→ **TASK**
A faithful repeat of all the records, with no image kept, is the required answer.
──────────────────────────────
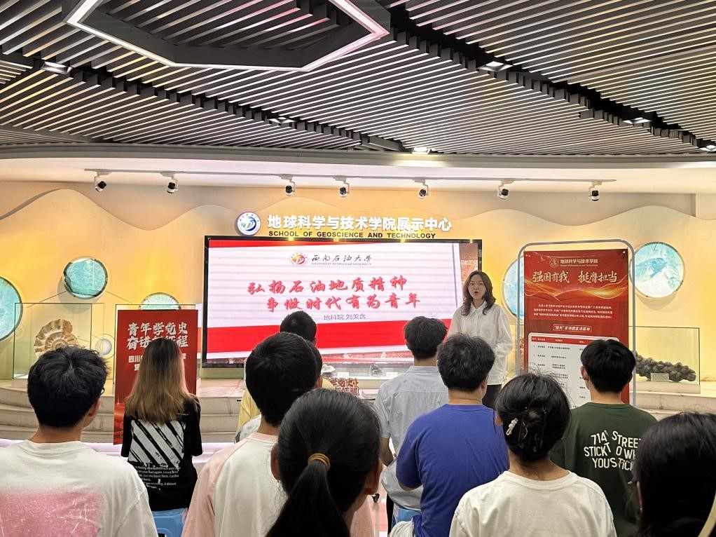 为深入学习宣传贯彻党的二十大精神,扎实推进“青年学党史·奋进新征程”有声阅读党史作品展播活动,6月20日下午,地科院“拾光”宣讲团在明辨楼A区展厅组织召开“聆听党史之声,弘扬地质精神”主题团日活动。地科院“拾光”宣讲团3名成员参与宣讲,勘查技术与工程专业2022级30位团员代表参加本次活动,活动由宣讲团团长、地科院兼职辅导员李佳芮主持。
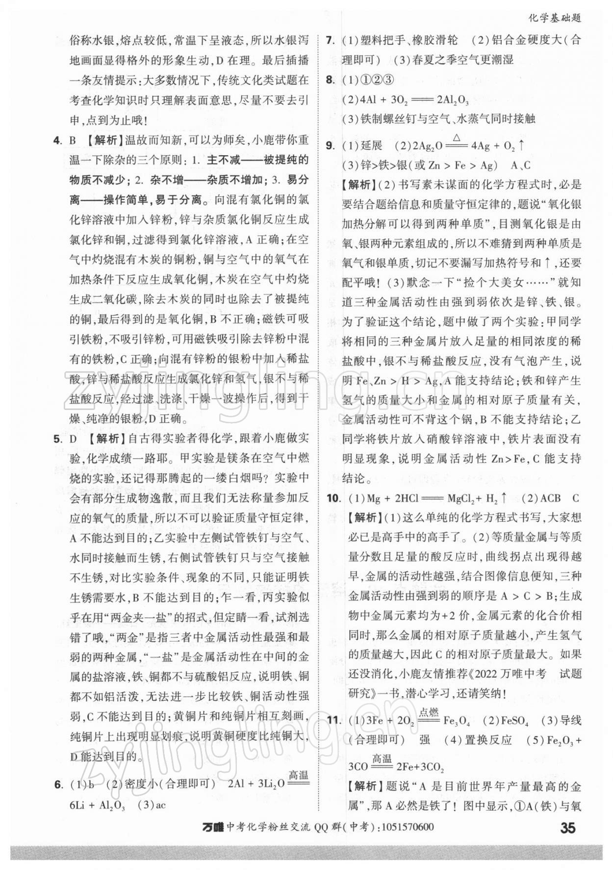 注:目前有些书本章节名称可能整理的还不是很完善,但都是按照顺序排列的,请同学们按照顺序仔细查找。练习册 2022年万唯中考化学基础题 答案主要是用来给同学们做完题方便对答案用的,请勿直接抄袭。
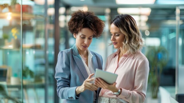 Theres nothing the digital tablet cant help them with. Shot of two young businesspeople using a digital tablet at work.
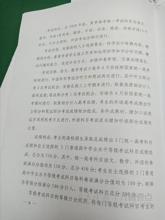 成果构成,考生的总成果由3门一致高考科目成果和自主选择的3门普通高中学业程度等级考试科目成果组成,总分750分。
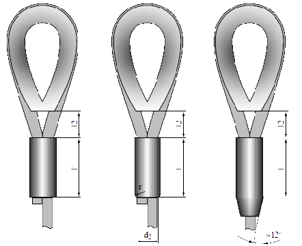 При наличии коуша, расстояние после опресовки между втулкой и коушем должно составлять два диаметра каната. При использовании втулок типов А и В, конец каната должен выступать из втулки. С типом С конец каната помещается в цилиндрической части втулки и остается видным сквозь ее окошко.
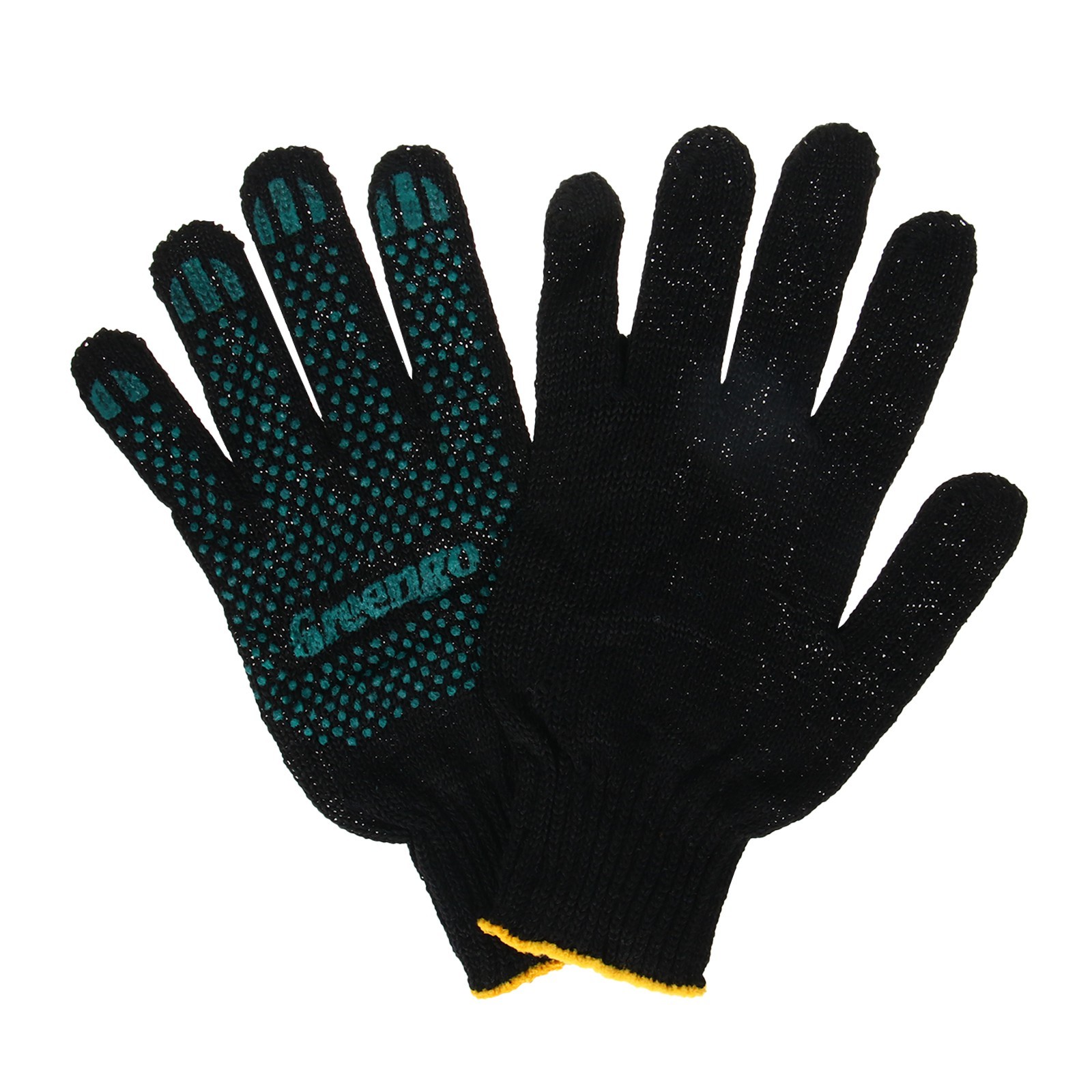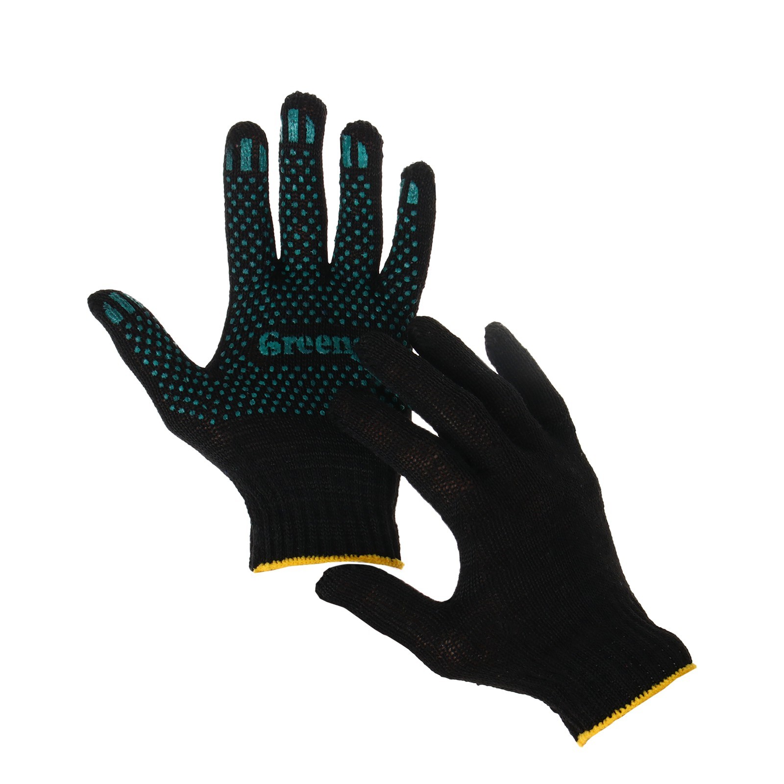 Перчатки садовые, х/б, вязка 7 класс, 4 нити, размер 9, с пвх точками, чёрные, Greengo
──────────────────────────────
→ **RESULT**
 为深入学习宣传贯彻党的二十大精神,扎实推进“青年学党史·奋进新征程”有声阅读党史作品展播活动,6月20日下午,地科院“拾光”宣讲团在明辨楼A区展厅组织召开“聆听党史之声,弘扬地质精神”主题团日活动。地科院“拾光”宣讲团3名成员参与宣讲,勘查技术与工程专业2022级30位团员代表参加本次活动,活动由宣讲团团长、地科院兼职辅导员李佳芮主持。
 注:目前有些书本章节名称可能整理的还不是很完善,但都是按照顺序排列的,请同学们按照顺序仔细查找。练习册 2022年万唯中考化学基础题 答案主要是用来给同学们做完题方便对答案用的,请勿直接抄袭。
 Theres nothing the digital tablet cant help them with. Shot of two young businesspeople using a digital tablet at work.
 成果构成,考生的总成果由3门一致高考科目成果和自主选择的3门普通高中学业程度等级考试科目成果组成,总分750分。
 При наличии коуша, расстояние после опресовки между втулкой и коушем должно составлять два диаметра каната. При использовании втулок типов А и В, конец каната должен выступать из втулки. С типом С конец каната помещается в цилиндрической части втулки и остается видным сквозь ее окошко.
 Перчатки садовые, х/б, вязка 7 класс, 4 нити, размер 9, с пвх точками, чёрные, Greengo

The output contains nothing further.